Only one stretch of the data is wanted: the line containing "A chave privada", the line containing "内側全体に上質な日本製生地を", and every line between them, copied exactly.

#### Data records ####

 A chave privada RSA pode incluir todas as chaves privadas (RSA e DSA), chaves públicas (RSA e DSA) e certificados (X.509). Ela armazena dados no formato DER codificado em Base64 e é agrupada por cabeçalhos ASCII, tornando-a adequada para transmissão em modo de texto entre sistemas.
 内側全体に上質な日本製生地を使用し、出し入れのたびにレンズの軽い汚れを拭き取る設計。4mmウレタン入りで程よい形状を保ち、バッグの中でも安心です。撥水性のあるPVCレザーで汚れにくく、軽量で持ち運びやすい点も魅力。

####
#### Data records ####

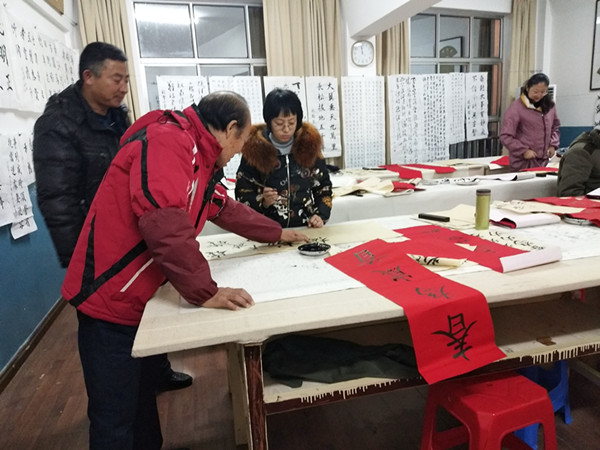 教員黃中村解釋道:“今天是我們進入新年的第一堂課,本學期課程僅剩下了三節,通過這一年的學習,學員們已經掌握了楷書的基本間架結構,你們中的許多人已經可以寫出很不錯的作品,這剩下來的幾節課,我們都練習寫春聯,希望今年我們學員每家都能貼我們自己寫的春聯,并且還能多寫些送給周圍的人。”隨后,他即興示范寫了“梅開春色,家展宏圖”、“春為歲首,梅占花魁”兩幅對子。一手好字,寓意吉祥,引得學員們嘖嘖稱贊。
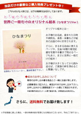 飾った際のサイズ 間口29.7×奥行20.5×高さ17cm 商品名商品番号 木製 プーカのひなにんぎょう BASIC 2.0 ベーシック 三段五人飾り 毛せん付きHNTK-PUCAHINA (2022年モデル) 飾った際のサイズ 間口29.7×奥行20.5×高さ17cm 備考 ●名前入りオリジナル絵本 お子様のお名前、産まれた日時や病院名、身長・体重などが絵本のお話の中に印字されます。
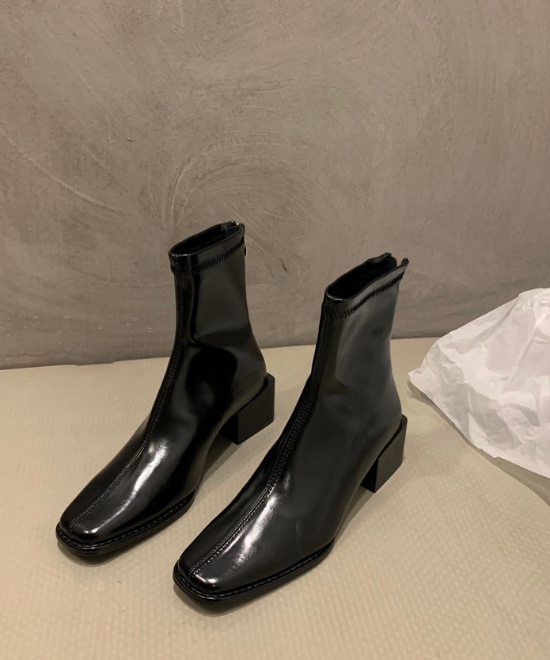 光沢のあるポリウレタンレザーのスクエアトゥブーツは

####

Reply to the task =
 A chave privada RSA pode incluir todas as chaves privadas (RSA e DSA), chaves públicas (RSA e DSA) e certificados (X.509). Ela armazena dados no formato DER codificado em Base64 e é agrupada por cabeçalhos ASCII, tornando-a adequada para transmissão em modo de texto entre sistemas.
 内側全体に上質な日本製生地を使用し、出し入れのたびにレンズの軽い汚れを拭き取る設計。4mmウレタン入りで程よい形状を保ち、バッグの中でも安心です。撥水性のあるPVCレザーで汚れにくく、軽量で持ち運びやすい点も魅力。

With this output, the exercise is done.